== WHAT YOU SHOULD DO ==
Reproduce exactly the lines of this material that begin at the line with "Blusenshirt mit Lochstickerei" and end at the line with "Zestaw zawiera wszystkie", both included. Omit the pictures and everything else.

== RECORDS SUPPLIED ==
---
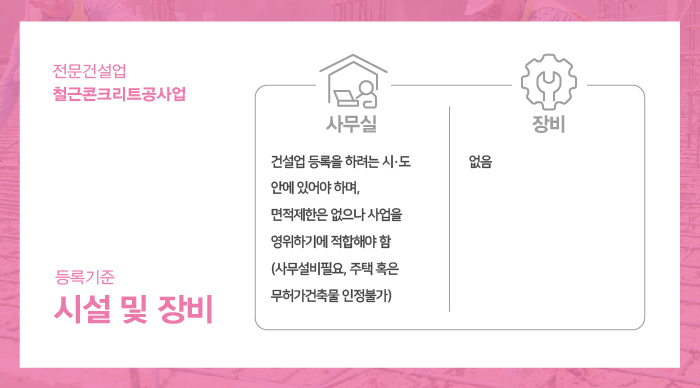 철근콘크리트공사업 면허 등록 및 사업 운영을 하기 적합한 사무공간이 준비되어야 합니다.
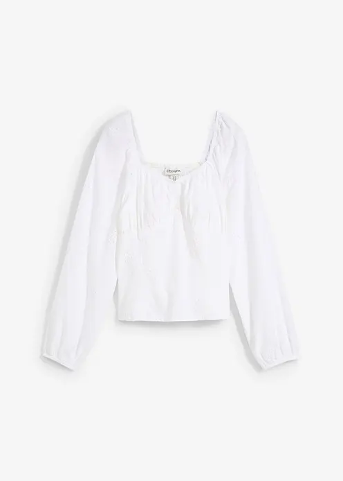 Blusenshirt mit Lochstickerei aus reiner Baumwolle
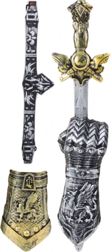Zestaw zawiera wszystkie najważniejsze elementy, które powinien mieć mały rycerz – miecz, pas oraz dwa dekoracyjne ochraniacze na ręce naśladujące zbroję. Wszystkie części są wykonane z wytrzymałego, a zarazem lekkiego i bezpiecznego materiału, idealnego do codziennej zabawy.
---
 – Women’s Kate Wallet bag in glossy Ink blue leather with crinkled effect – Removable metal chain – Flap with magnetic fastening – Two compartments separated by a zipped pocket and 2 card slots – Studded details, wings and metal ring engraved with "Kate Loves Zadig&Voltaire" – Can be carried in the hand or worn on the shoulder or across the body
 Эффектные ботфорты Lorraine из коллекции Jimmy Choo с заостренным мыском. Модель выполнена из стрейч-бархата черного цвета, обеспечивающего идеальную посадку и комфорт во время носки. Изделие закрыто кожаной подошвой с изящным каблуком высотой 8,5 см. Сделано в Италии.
---
== THE COMPLETED TASK ==
 Blusenshirt mit Lochstickerei aus reiner Baumwolle
Zestaw zawiera wszystkie najważniejsze elementy, które powinien mieć mały rycerz – miecz, pas oraz dwa dekoracyjne ochraniacze na ręce naśladujące zbroję. Wszystkie części są wykonane z wytrzymałego, a zarazem lekkiego i bezpiecznego materiału, idealnego do codziennej zabawy.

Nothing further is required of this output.